EX-4.2 4 a2070705zex-4_2.htm EXHIBIT 4.2 Prepared by MERRILL CORPORATION

Exhibit 4.2

 
   
   
    THE SECURITIES REPRESENTED HEREBY HAVE BEEN ISSUED WITHOUT REGISTRATION UNDER THE SECURITIES ACT OF 1933, AS AMENDED, OR UNDER ANY STATE SECURITIES LAWS, AND MAY NOT BE SOLD, TRANSFERRED OR PLEDGED IN THE ABSENCE OF AN EFFECTIVE REGISTRATION STATEMENT UNDER APPLICABLE FEDERAL AND STATE SECURITIES LAWS OR AN OPINION OF COUNSEL REASONABLY SATISFACTORY TO THE COMPANY THAT THE TRANSFER IS EXEMPT FROM REGISTRATION UNDER APPLICABLE FEDERAL AND STATE SECURITIES LAWS.    

THE IMMUNE RESPONSE CORPORATION
8% CONVERTIBLE SECURED PROMISSORY NOTE

 
   
$2,000,000   New York, New York
February 14, 2002

        FOR VALUE RECEIVED, the undersigned, The Immune Response Corporation, a Delaware corporation (the "Issuer"), hereby unconditionally promises to pay on the Note Maturity Date (as defined in that certain Note Purchase Agreement, dated November 9, 2001, by and between the Purchaser (as defined below), Kevin Kimberlin Partners, L.P. and the Issuer, as amended by Amendment No. 1 dated as of February 14, 2002 (the "Note Purchase Agreement")) to the order of Oshkim Limited Partnership, a Delaware limited partnership (the "Purchaser"), at the office of the Purchaser located at 535 Madison Avenue, 18th Floor, New York, New York 10022, or such other address designated by the Purchaser, in lawful money of the United States of America and in immediately available funds, the principal amount of (a) Two Million Dollars ($2,000,000) or (b) if less as a result of any voluntary conversion(s) of this Note in part in accordance with Section 3.4 of the Note Purchase Agreement, the aggregate unpaid principal amount of this Note. Subject to Section 3.4 of the Note Purchase Agreement, the Issuer further agrees to pay interest on the unpaid principal amount outstanding hereunder from time to time, from the date hereof, in like money, at the rate of eight (8%) percent per annum, as and at the dates specified in Section 3.3 of the Note Purchase Agreement.
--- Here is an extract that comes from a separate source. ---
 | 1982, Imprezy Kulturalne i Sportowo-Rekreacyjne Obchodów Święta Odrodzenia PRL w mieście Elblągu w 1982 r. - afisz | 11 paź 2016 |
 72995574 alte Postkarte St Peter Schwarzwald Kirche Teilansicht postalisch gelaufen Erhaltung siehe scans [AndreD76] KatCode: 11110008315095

        This Note is the promissory note referred to in the Note Purchase Agreement, and is entitled to the benefits thereof, is secured as provided therein (and as provided in that certain Intellectual Property Security Agreement, dated November 9, 2001, executed by the Issuer) and is subject to conversion as set forth therein. In the event of any conflict between the Note Purchase Agreement and this Note, the terms and provisions of the Note Purchase Agreement shall govern.

        Upon the occurrence of any one or more of the Events of Default specified in the Note Purchase Agreement, all amounts then remaining unpaid on this Note shall become, or may be declared to be, immediately due and payable, all as provided in the Note Purchase Agreement.
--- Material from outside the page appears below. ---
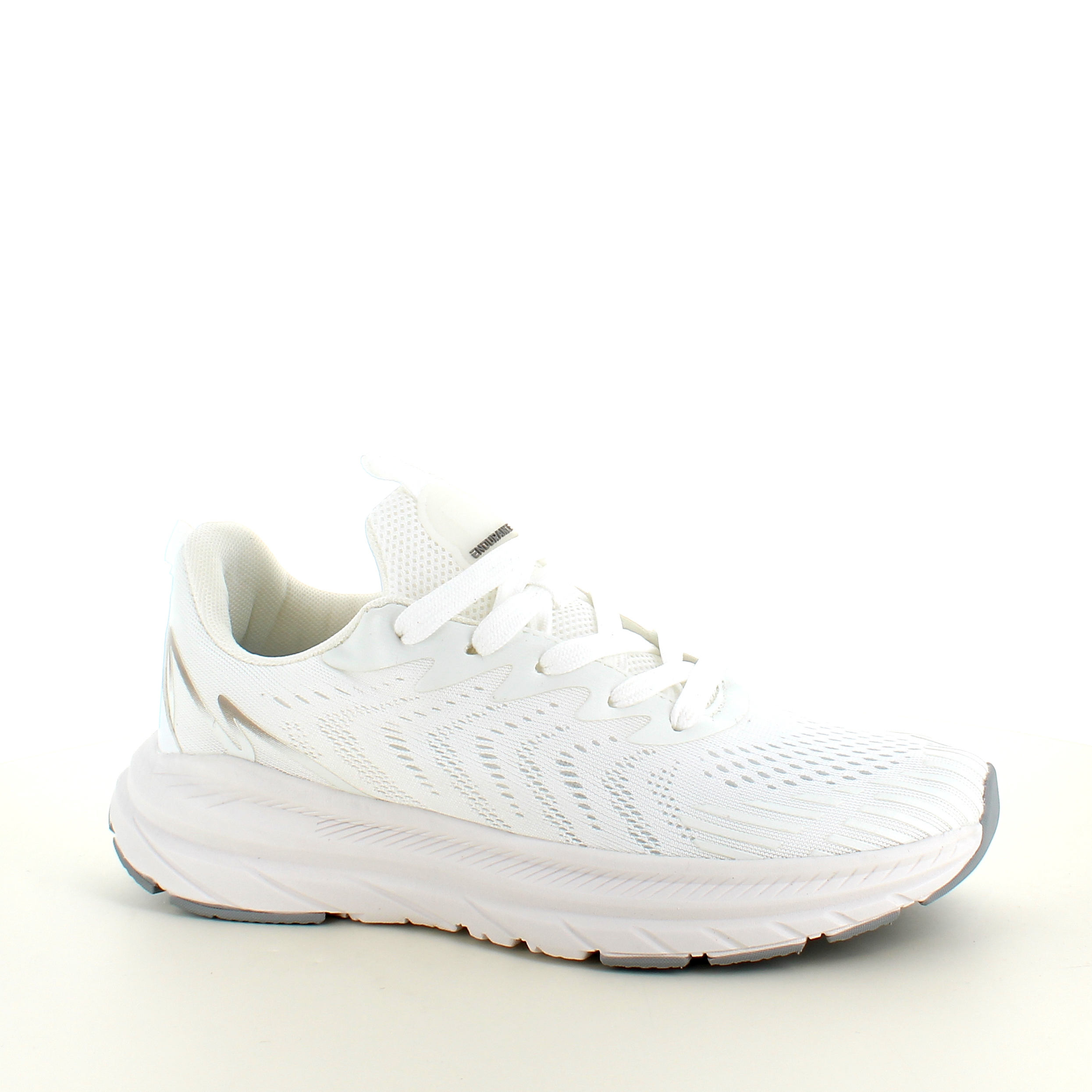 Hvid åndbar sko fra Endurance med effektiv stødabsorbering.

        Subject to the provisions of the legend above, this Note is freely transferable, in whole or in part, by the Purchaser, and such transferee shall have the same rights hereunder as the Purchaser. The Issuer may not assign or delegate any of its obligations under this Note without the prior written consent of the Purchaser (or its successor, transferee or assignee).
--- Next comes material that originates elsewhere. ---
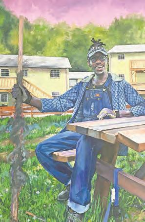 Artist Jurrell Cayetano has three works on display: Jay at the Community Farm, Panther (Profile) and Paula (Asleep). Cayetano said Jay at the Community Farm was inspired by a photograph taken during the COVID-19 pandemic.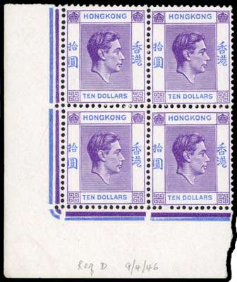 1946 $10 deep bright lilac and blue on ordinary paper lower left corner block of four, unmounted o.g. R9/6 LP flattened base to lowest element of KONG character. Scarce multiple. SG 162a, £1300

        All parties now and hereafter liable with respect to this Note, whether maker, principal, surety, guarantor, endorser or otherwise, hereby waive presentment, demand, protest and all other notices of any kind.

        Subject to Section 3.3 of the Note Purchase Agreement, the Issuer agrees to pay all of the Purchaser's expenses, including reasonable attorneys' costs and fees, incurred in collecting sums due under this Note.



        This Note shall be subject to prepayment only in accordance with the terms of the Note Purchase Agreement.

        This Note shall be governed by, and construed and interpreted in accordance with, the laws of the State of New York.